Vaktiyle Osmanlı hükümdarlarından biri maiyetiyle avlanmaya çıkmış. Bir ceylanın peşinden koşarken, vakit bir hayli ilerlemiş ve gün batmaya yüz tutmuş. Bu sırada gök kararmış, ortalığı şiddetli bir rüzgâr ve ardından da savruntulu bir yağmur bastırmış. Hünkâr ve adamları, en yakın kulübeye kendilerini zor atmışlar. Meğer sığındıkları kulübe odunculuk yapan bir garibe aitmiş. Adamcık onları içeri almış. Sultan her ne kadar adamı tedirgin etmemek için kim olduklarını söylememiş ise de oduncu durumu kavramış ve ocağa büyük odunlar atıp kulübeyi iyice ısıtmış. Dışarıda hem ıslanıp hem üşüyen padişah ve adamları bu durumdan pek memnun kalmışlar ve geceyi orada rahatça geçirmişler. Hatta bir ara hünkâr,
— Doğrusu şu ateş bin altın eder, diye söylenmiş.

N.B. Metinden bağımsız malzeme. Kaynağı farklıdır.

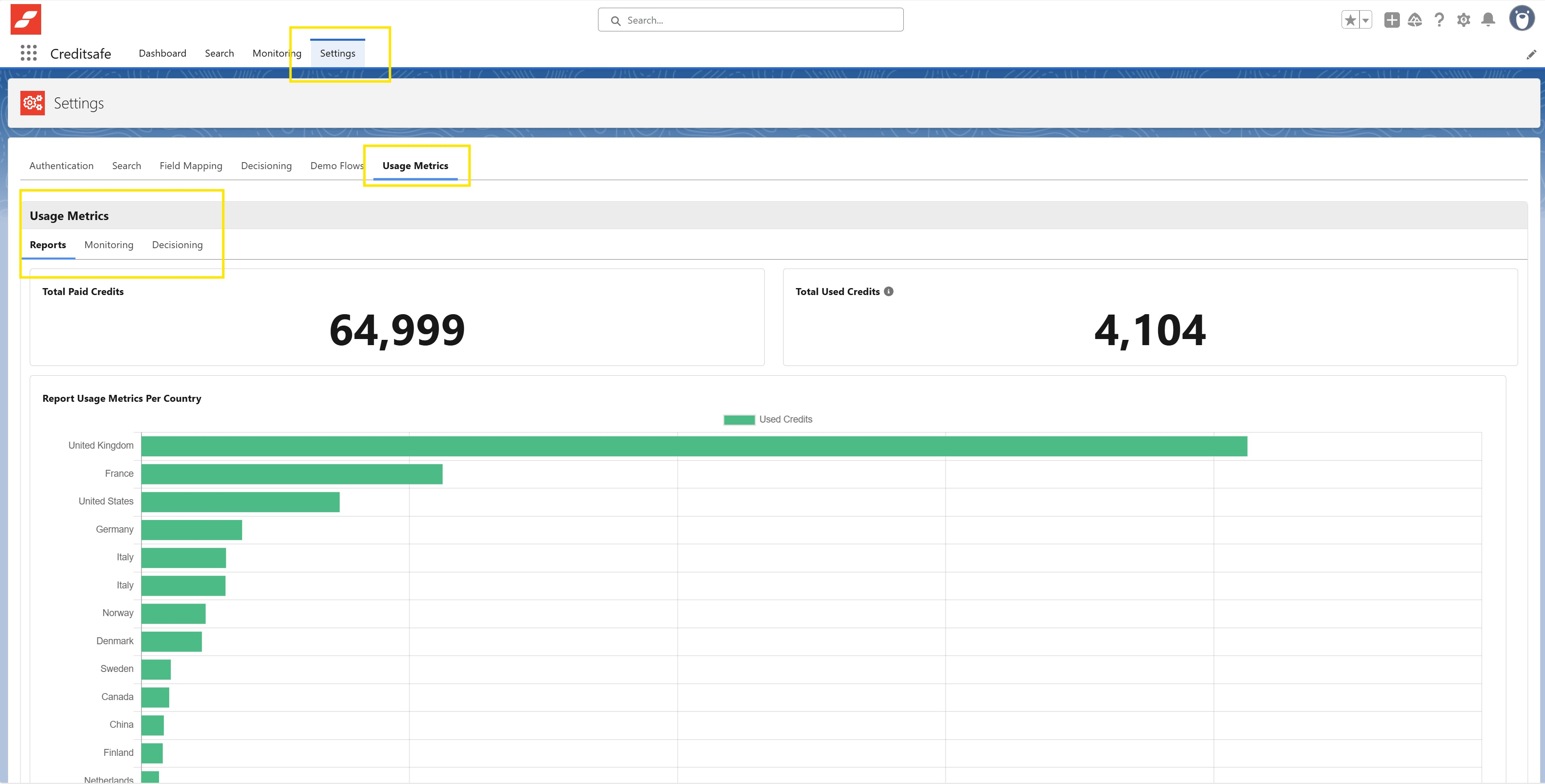- U krijgt een dashboard te zien met een overzicht van uw beschikbare credits, gebruikte credits en een uitsplitsing hiervan per land.

Ertesi gün yola çıkacakları vakit, padişah oduncuya sormuş:
— Efendi! Bizi ihya ettin, harlı ateşin sayesinde geceyi pek rahat geçirdik. Söyle bakalım borcumuz ne kadar?
Oduncu, fırsatı değerlendirmenin zamanıdır deyip rayici yüksek tutmuş:
— Bin altın beyzadem! Vekilharç hemen atılmış:
— Ne masraf ettin ki bin altın istersin bre densiz?
— Sabaha kadar ateşi aynı kıvamda tuttum. Böyle dağ başında bu ateş az bulunur.
— Ama ateş bu denli pahalı mıdır?
O sırada padişah vekilharcına dönüp:
— Ağa, demiş, ateş iyiydi, şimdi pahasını verin! Oduncunun bu tavrı halk arasında şüyu bulunca, değerinin üstünde fiyat biçilen şeyler hakkında "ateş pahası" denilmeye başlanmış ve giderek deyimleşmiş. Umulana göre çok pahalı bulunan fiyatlar hakkında bugün dahi "ateş pahası" denir.